Considerações sobre os direitos e deveres em relação a convivência com os filhos

Vilson Farias. (Foto: Divulgação)

O código civil brasileiro determina o direito à convivência com os filhos daquele genitor que não detenha a guarda do menor. Na verdade é preciso que se compreenda que o direito assegurado, além de ser dos pais, é, sobretudo, primordialmente direito dos filhos à convivência com a mãe e sua família materna, bem como com o pai e a família paterna. O ideal é que exista a convivência igualitária dos pais com os filhos, porém, como nem sempre é possível, é comum que exista a estipulação por meio judicial do regime de convivência, mais conhecido como “direito de visitas”.

O código civil assim determina em seu artigo 1.589: “O pai ou a mãe, em cuja guarda não estejam os filhos, poderá visitá-los e tê-los em sua companhia, segundo o que acordar com o outro cônjuge, ou for fixado pelo juiz, bem como fiscalizar sua manutenção e educação”. É comum a determinação das visitas de forma livre quando os genitores possuem um bom relacionamento e conseguem combinar entre sí os dias e horários em que os filhos permanecerão sob a guarda de cada um. Contudo, quando o relacionamento entre os genitores não ocorre de forma amigável, o indicado é que sejam estipulados dias e horários fixos para a convivência, minimizando ao máximo a existência de conflito em relação à convivência com os infantes.
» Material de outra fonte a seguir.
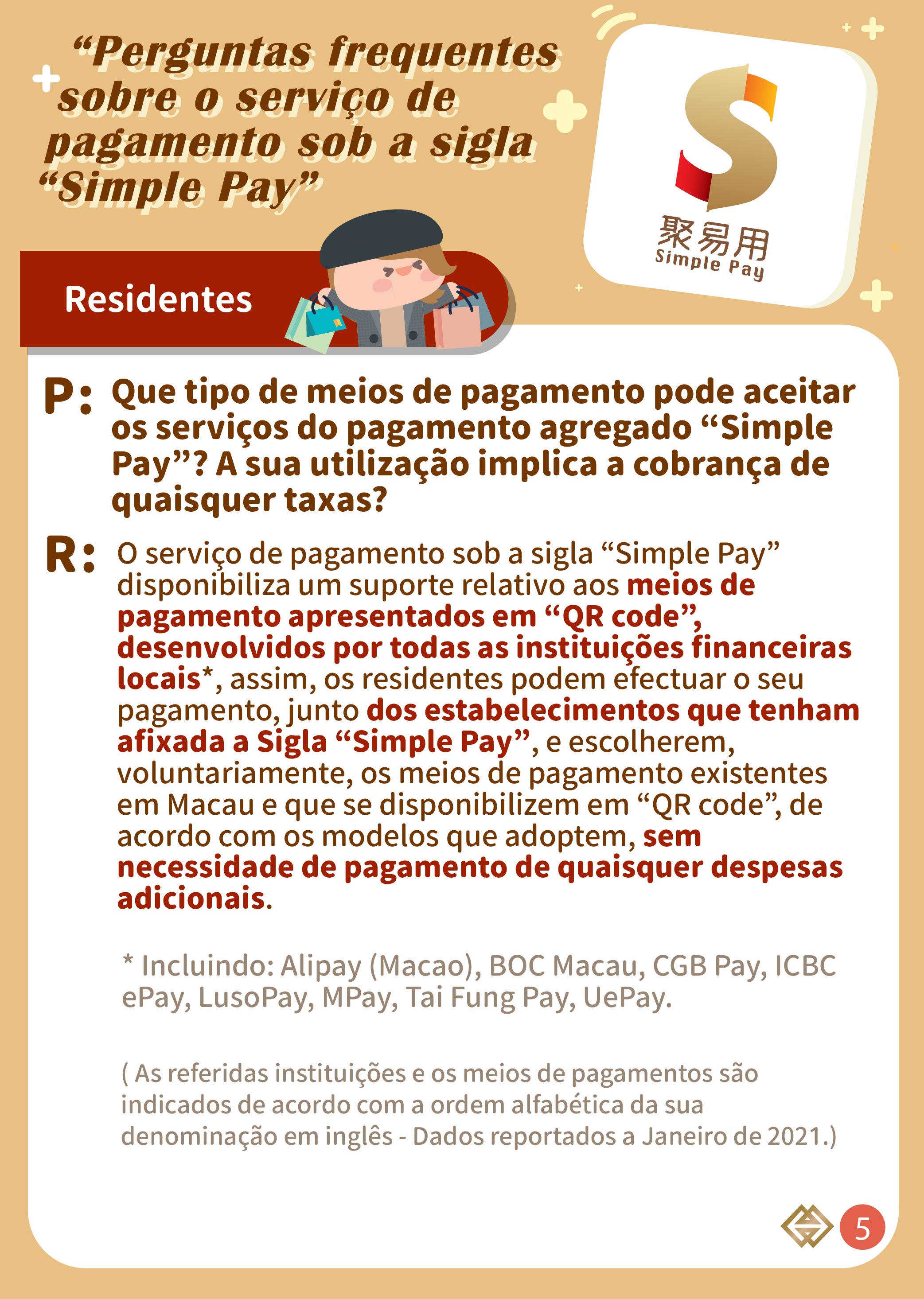 Para mais esclarecimentos, queiram por favor contactar directamente os respectivos bancos e instituições de pagamento, ou contactar a AMCM através do telefone n.º 2856 8856, podendo ser consultadas as informações detalhadas na página electrónica temática do “Simple Pay” (https://www.amcm.gov.mo/pt/news-and-announcements/simplepay).
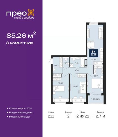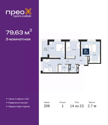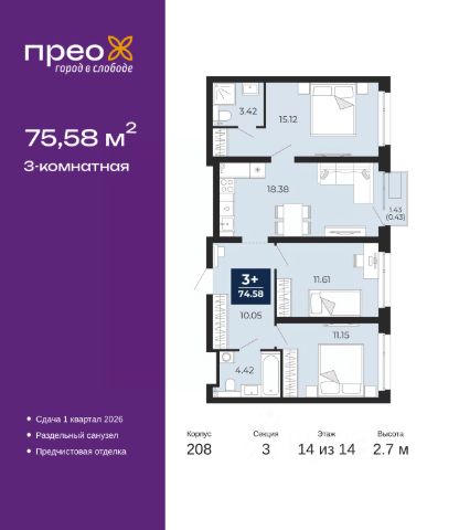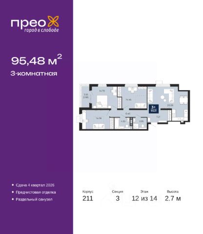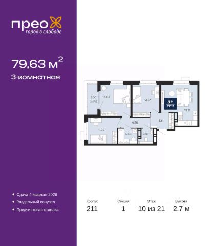 Торопитесь забронировать, пока действует скидка, предложение ограничено! Стоимость квартиры указана со скидкой, ваша экономия составит 500,000 руб. Информация по телефону, наши менеджеры вам все расскажут. Продается 3-комн. квартира с предчистовой отделкой в ЖК "Прео" на 11 этаже. Общая площадь: 74.98 кв.м., жилая: 36.25 кв.м., площадь просторной кухни-столовой: 15.75 кв.м. Угловая квартира, окна oбecпeчивaют paвнoмepнoe ocвeщeниe в тeчeниe дня. В квартире один балкон и одна лоджия, один раздельный санузел. Высота потолков 2.7 м. Дом монолитный, трехподъездный, переменной этажности, от 14 до 22 этажей. Квартира находится в 3-й секции высотой 14 этажей в корпусе 208. На этаже 6 квартир. В подъезде 1 пассажирский и 1 грузовой лифт. Окончание строительства - 1 квартал 2026 года. Оформление сделки по договору долевого участия. Преображенский — один из самых привлекательных районов для жизни! Это полностью самостоятельный жилой район с точки зрения инфраструктуры. Преображенский находится между Московским и Червишевским трактами в квартале улиц Закалужская — Вьюжная — Александра Протозанова. Не нужно ждать, когда появится инфраструктура — переезжайте на всё готовое. Вблизи расположены действующие школа и детский сад. В этом году откроется еще один сад, а в следующем году — школа. По соседству с Преображенским запланировано строительство городского парка "Комарово" площадью 38 гектар. За 10 минут можно доехать на автомобиле до крупных ТРЦ: "Лента", "Кристалл", "Леруа Мерлен", "Метро" и "Ашан". С 2018 года в районе открыт Соседский центр — пространство, созданное для формирования добрососедской среды, совместного досуга, общения и реализации соседских инициатив. Здесь проходят встречи соседей, а также сами жители района организовывают мероприятия. Организатором такого события может стать любой желающий. В квартирах выполнена качественная предчистовая отделка. Гладкие стены с финишным выравниванием по маякам. Ровный потолок для установки натяжного потолка. Установлены пятикамерные окна с двойным стеклопакетом (3 стекла). Дизайнерские холлы с видеонаблюдением, безбарьерным и прозрачным входом всегда светло и спокойно. На первом этаже есть просторные колясочные, где все жители могут оставлять свои коляски и велосипеды. В Преображенском есть всё, что нужно для активного отдыха и занятий спортом. Мы сделали большое футбольное поле с безопасным покрытием. Также установили хоккейный корт, который оборудован по всем необходимым стандартам. Во дворах можно делать упражнения на специальных площадках с турниками. Весь район мы обустроили велодорожками, которые связаны в единый маршрут. У нас есть сухие фонтаны, бьющие из земли, деревья, веревки, сетки, скалодром, газон, песок и резинка — осталось просто дать своему ребенку право на свободную игру. По-настоящему хорошие дворы — это те, которые дети предпочитают соцсетям и телевизору. Аккредитация в банках: ПАО "Банк Уралсиб", ОАО "Альфа-Банк", "Сбербанк России", ПАО "Газпромбанк",

Ocorre que não é incomum que os genitores sumam da vida dos filhos, muitos não procuram manter contato, não desejam notícias, ainda que exista regime de convivência estipulado. Para essas crianças é difícil entender o motivo da ausência do pai, sendo forçados desde muito cedo a lidar com os sentimentos de abandono, de rejeição, sem que tenham qualquer culpa, pois é preciso que os adultos compreendam que a relação que termina é entre os pais, os filhos serão filhos para sempre e não devem ser penalizados com o término da relação.

Os laços afetivos desenvolvidos tanto com a mãe quanto com o pai são extremamente importantes e devem ser mantidos, além de aprimorados com a possibilidade de uma convivência de qualidade entre ambos.
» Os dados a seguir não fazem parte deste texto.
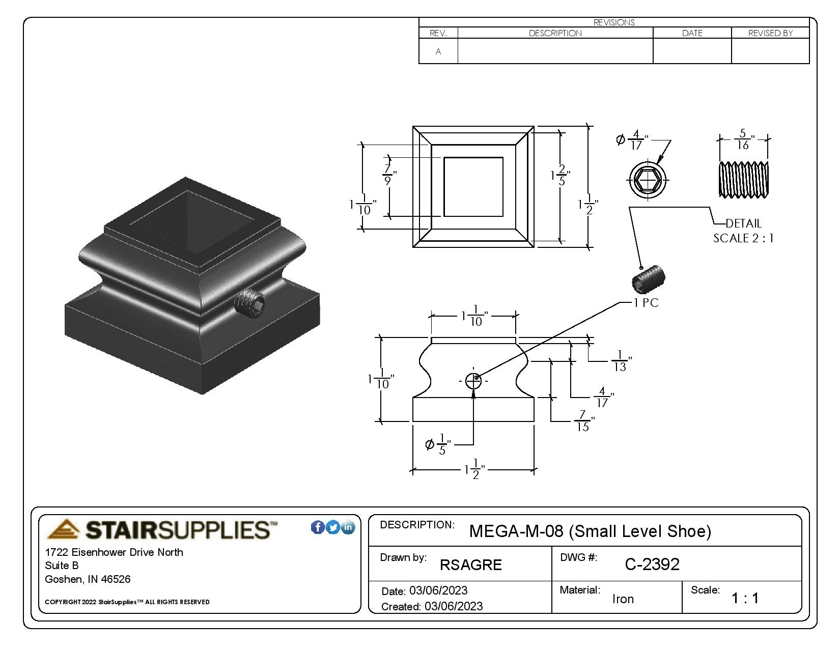 2392 3/4″ Small Level Shoe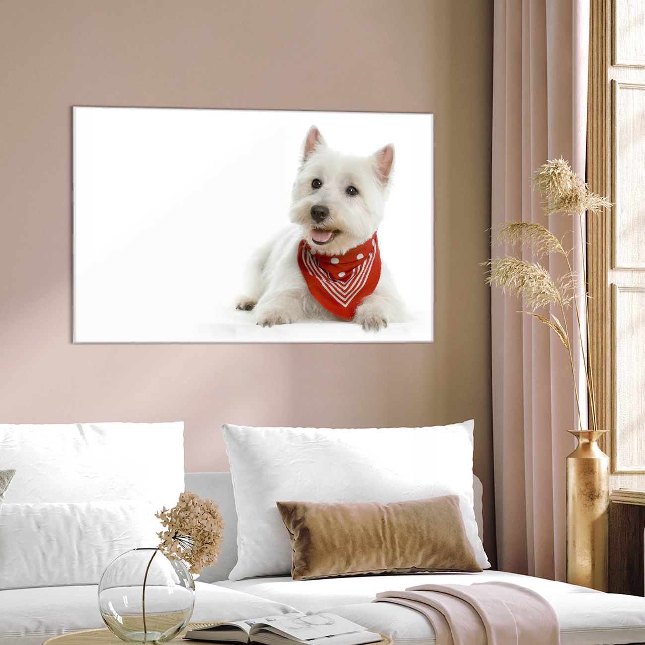 Unsere einzigartigen Glasbilder im Querformat von banjado mit Motiv Westie sind der absolute Hingucker! Unsere Banjado Glasbilder sind sehr begehrt, weil sie top verarbeitet sind und sich ganz leicht montieren lassen. Schon mit wenigen Handgriffen hängen sie an der Wand und strahlen mit höchster brillianz. Durch die Ramenlose Herstellung schwebt das Echtglasbild förmlich an der Wand. Das Motiv erscheint besonders ausdrucksstark und hochwertig und ist hinter dem Echtglas geschützt.

O que se observa, infelizmente, são pais que ao terminar o relacionamento com a mãe de seus filhos deixam de manter contato com as crianças, surgindo posteriormente como se nada tivesse acontecido, buscando exercer essa convivência da noite para o dia, forçando à criança a conviver com um “estranho”, pois embora existam laços biológicos, aquela criança não desenvolveu afeto por aquele pai que, portanto, não deixa de ser um estranho, sendo primordial que essa aproximação ocorra de forma gradual para que seja proveitosa para ambos. Todavia, na prática, o que ocorre são ameaças de alienação parental contra a genitora que não permite esse contato abrupto e forçado, gerando perturbação de toda a ordem na vida da mãe e da criança.
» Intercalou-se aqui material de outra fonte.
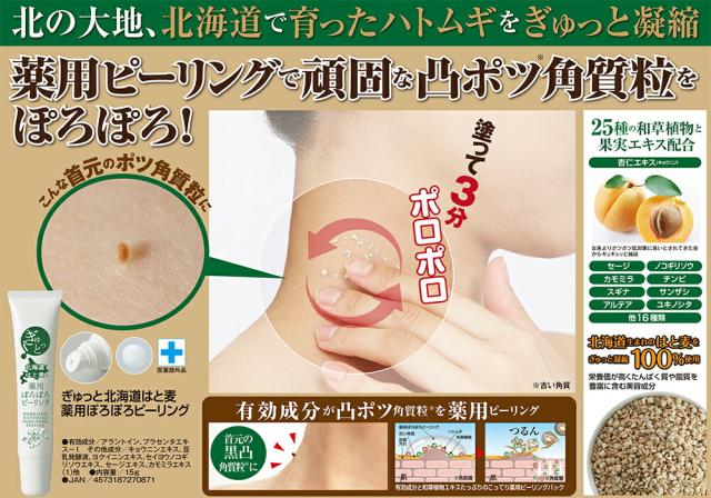 2個セット ぎゅっと北海道はと麦 薬用ぽろぽろピーリング 首元などの気になる角質粒にアプローチ! | 送料無料 首 目元 手 足 ポツポツ 角質ケア ピーリング 角質粒 ボツボツ ポツポツ 日本製 医薬部外品 マイノロジ

O contrário não ocorre com os pais, que não aparecem nunca, que não aparecem nos dias combinados, que simplesmente avisam que não irão ver/pegar os filhos pois surgiu um compromisso de trabalho, ou um encontro especial com a nova namorada, ficando tudo por isso mesmo. Não há uma punição para o pai relapso. Não há aqui a preocupação do judiciário com o bem estar do menor, com os deveres dos pais que comumente seguem suas vidas deixando toda a responsabilidade pela criação, educação e assistência integral aos filhos nas costas das mães. O judiciário é omisso quando se trata de obrigar os pais a cumprirem o seu dever de assistência afetiva aos filhos.

As mães tem obrigação de criar os filhos, de prestar assistência integral. De estar disponível para entregar os filhos nos dias determinados. Porém, quando os pais não aparecem são obrigadas a sentir caladas o sofrimento dos filhos, que se arrumam, que criam expectativas naquele dia de passear com o pai que não aparece, e que fica impune.
Fica aqui o convite à reflexão que os deveres dos pais não se restringem ao pagamento de alimentos, sendo necessário que algo seja feito para assegurar os direitos das crianças, determinando que os genitores cumpram com seus deveres de pais na íntegra, como a grande maioria das mães o faz.

É preciso que além da possibilidade da propositura de ações por abandono afetivo, muitas vezes ineficazes pois tardias, sejam estipuladas, por exemplo, multas aos pais que descumprem o regime de convivência, observando-se os direitos das crianças e dos adolescentes, tal qual determina a legislação (Constituição Federal, Código Civil e Estatuto da Criança e do Adolescente).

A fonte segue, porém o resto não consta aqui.